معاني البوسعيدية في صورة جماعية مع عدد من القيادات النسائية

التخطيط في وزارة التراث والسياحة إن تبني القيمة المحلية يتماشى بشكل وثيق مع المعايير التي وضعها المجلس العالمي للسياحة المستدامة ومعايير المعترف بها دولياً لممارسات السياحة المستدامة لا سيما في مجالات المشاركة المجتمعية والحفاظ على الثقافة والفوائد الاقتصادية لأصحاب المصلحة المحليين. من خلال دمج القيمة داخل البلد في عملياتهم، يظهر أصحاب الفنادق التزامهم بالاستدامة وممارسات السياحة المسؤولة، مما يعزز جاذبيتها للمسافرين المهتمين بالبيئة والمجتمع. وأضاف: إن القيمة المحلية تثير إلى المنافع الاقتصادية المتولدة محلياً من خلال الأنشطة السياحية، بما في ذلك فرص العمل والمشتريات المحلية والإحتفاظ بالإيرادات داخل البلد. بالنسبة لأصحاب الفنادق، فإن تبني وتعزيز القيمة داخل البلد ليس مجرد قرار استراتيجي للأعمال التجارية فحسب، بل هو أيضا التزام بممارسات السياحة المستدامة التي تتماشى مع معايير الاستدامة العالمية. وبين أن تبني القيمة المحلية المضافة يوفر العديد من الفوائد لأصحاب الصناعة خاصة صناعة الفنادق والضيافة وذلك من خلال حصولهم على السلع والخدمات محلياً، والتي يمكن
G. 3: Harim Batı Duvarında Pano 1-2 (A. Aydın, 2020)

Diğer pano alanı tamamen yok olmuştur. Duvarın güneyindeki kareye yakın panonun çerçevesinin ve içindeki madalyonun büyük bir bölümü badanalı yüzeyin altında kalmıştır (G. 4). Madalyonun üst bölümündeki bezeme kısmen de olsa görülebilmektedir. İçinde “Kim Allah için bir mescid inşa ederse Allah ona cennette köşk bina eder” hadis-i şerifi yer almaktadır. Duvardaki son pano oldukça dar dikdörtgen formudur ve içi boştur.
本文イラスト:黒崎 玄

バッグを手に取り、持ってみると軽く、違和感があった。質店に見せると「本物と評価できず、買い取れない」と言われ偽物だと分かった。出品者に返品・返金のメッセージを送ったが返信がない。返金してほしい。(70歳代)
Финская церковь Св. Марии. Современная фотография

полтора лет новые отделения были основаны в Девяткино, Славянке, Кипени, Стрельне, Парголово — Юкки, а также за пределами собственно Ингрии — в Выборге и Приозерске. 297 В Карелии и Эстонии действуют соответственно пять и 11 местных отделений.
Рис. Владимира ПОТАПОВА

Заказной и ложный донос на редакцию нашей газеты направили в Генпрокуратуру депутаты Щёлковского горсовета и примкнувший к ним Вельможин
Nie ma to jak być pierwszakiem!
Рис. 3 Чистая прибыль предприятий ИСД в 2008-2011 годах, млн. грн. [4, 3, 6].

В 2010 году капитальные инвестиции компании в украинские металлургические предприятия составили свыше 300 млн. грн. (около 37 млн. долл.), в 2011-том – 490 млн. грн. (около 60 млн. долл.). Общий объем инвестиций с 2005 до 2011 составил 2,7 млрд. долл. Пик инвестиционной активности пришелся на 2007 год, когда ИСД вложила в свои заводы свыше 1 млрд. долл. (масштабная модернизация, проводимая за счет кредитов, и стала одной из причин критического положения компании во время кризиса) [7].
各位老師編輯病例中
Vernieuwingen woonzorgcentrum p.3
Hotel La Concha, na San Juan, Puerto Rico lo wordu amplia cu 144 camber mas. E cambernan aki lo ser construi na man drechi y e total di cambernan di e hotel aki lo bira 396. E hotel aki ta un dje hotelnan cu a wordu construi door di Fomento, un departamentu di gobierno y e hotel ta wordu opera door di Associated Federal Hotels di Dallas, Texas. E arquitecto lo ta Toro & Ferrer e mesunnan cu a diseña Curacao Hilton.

*-*-*

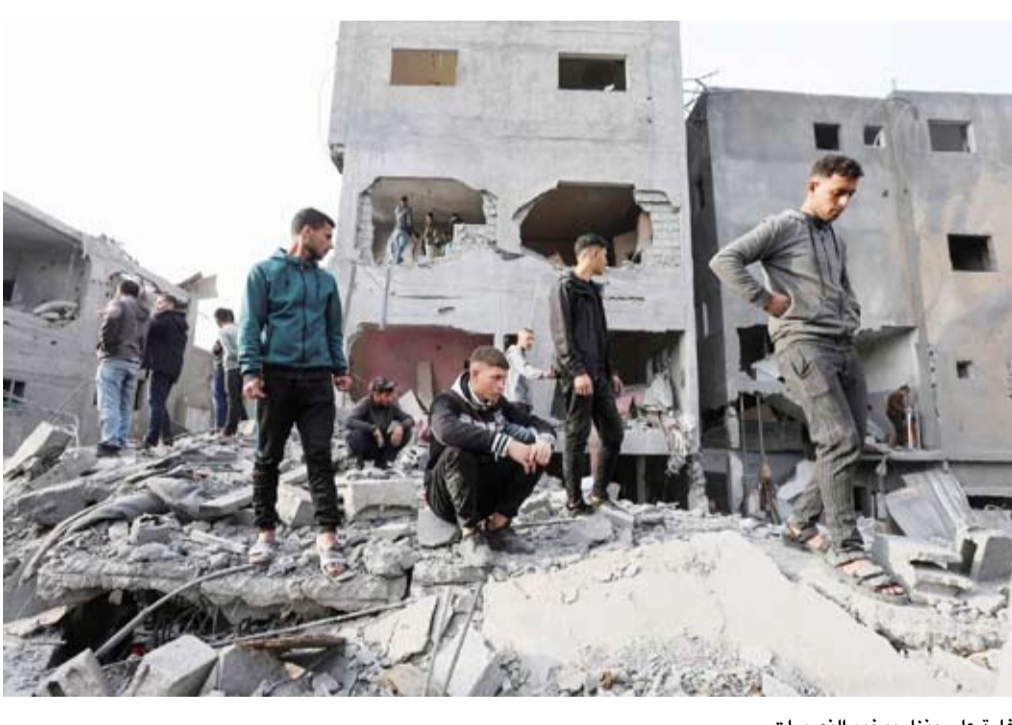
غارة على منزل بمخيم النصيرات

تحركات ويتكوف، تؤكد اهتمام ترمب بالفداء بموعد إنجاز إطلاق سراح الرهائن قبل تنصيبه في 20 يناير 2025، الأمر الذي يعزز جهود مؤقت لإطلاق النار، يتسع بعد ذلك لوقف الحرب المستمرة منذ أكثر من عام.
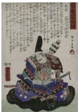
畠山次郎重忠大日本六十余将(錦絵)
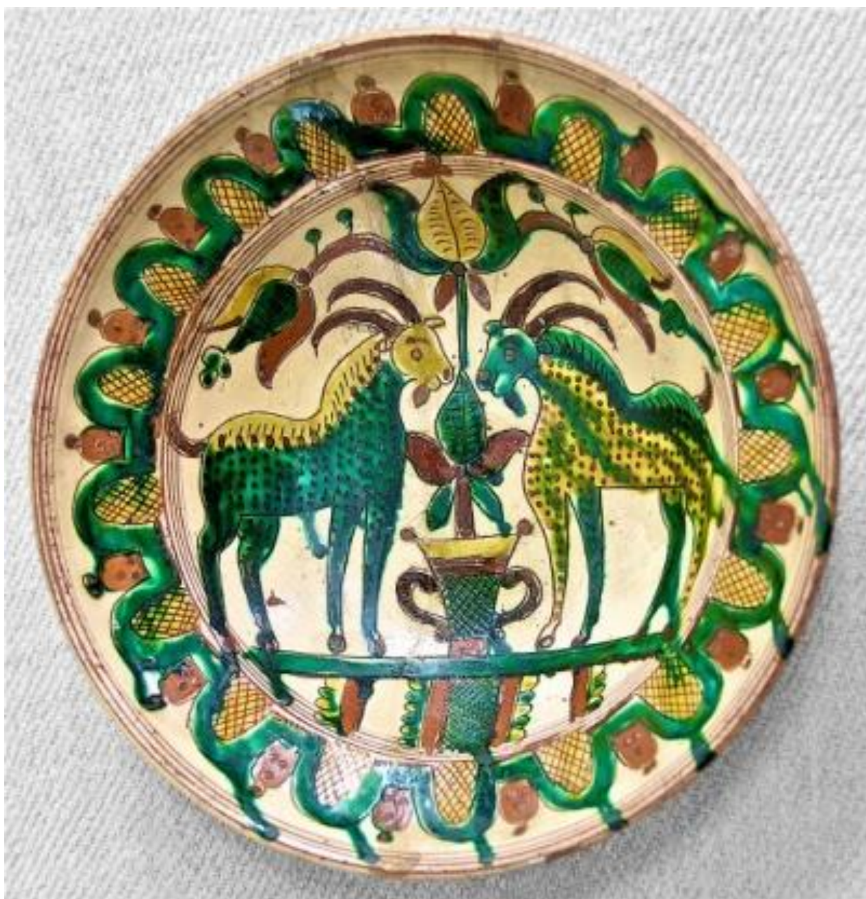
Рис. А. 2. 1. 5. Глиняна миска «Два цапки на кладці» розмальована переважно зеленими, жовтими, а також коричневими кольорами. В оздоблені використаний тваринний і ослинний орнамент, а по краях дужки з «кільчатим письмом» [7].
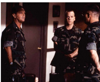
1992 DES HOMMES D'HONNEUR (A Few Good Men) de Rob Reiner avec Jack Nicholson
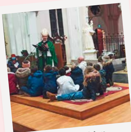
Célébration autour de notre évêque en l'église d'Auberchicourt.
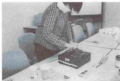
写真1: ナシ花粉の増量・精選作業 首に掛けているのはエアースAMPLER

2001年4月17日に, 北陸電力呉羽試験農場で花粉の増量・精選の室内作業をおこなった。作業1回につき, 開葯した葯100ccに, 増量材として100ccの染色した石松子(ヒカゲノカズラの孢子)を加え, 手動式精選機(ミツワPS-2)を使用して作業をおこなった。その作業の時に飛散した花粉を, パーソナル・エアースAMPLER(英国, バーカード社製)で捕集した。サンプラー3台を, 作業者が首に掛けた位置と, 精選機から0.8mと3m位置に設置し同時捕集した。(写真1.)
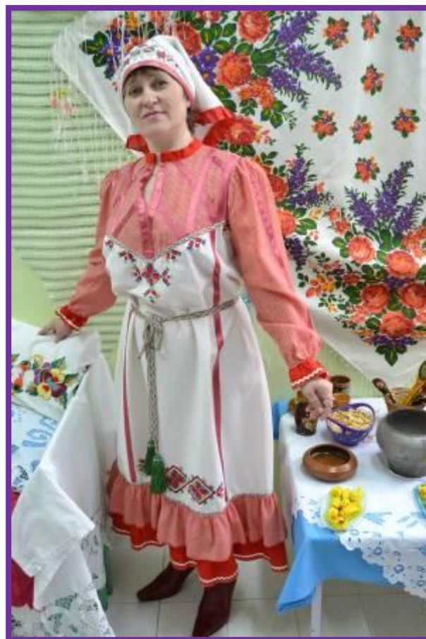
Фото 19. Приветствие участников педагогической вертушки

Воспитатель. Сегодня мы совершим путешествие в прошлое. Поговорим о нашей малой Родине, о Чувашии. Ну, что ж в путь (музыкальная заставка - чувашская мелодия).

*-*-*

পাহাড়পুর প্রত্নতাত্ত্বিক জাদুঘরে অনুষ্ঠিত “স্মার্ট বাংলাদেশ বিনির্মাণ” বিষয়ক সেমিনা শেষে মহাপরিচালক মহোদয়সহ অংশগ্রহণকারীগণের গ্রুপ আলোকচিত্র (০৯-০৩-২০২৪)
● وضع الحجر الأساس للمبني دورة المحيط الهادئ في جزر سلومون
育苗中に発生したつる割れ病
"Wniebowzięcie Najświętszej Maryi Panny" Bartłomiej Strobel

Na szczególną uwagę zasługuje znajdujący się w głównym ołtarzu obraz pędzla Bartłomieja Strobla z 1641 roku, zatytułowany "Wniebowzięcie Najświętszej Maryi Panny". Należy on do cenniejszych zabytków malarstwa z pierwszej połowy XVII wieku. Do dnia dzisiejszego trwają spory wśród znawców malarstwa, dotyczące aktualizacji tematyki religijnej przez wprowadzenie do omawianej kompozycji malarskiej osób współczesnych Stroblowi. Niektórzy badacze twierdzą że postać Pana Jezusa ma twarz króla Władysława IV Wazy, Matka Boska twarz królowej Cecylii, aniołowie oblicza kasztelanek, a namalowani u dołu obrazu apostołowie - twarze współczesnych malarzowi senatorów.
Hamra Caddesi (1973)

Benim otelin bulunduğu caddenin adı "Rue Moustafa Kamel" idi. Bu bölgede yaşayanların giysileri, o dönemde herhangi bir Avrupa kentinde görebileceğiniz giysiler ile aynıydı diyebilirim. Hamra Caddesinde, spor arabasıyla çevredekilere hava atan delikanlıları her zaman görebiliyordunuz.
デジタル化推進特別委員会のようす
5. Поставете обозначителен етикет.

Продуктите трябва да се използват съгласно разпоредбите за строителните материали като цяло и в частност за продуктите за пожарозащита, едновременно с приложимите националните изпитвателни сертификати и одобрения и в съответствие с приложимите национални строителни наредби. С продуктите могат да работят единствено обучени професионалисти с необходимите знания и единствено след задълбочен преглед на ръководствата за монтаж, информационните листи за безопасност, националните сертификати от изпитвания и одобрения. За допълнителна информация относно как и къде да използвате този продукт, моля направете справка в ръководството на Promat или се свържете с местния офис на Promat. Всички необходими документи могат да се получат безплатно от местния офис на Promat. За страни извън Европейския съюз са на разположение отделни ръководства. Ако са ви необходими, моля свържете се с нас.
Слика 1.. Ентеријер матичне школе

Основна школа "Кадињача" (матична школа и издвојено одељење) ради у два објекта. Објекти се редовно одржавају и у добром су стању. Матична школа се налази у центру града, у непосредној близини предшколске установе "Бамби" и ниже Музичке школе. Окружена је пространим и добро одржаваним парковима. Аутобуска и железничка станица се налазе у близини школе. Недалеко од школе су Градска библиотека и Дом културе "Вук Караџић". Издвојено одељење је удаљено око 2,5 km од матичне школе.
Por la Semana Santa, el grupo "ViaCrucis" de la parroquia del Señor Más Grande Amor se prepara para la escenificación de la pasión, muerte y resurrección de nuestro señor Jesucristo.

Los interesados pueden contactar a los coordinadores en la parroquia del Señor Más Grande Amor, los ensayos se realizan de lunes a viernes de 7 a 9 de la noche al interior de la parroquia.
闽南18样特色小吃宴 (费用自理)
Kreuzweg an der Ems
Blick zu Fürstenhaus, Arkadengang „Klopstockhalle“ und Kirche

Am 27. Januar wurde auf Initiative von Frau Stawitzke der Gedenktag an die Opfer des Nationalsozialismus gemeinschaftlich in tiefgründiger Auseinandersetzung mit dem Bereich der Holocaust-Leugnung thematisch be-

*-*-*

Exercise requirements: How many lines in the records above contain the word "Najświętszej"? Reply with the number and nothing more.

Written solution: 2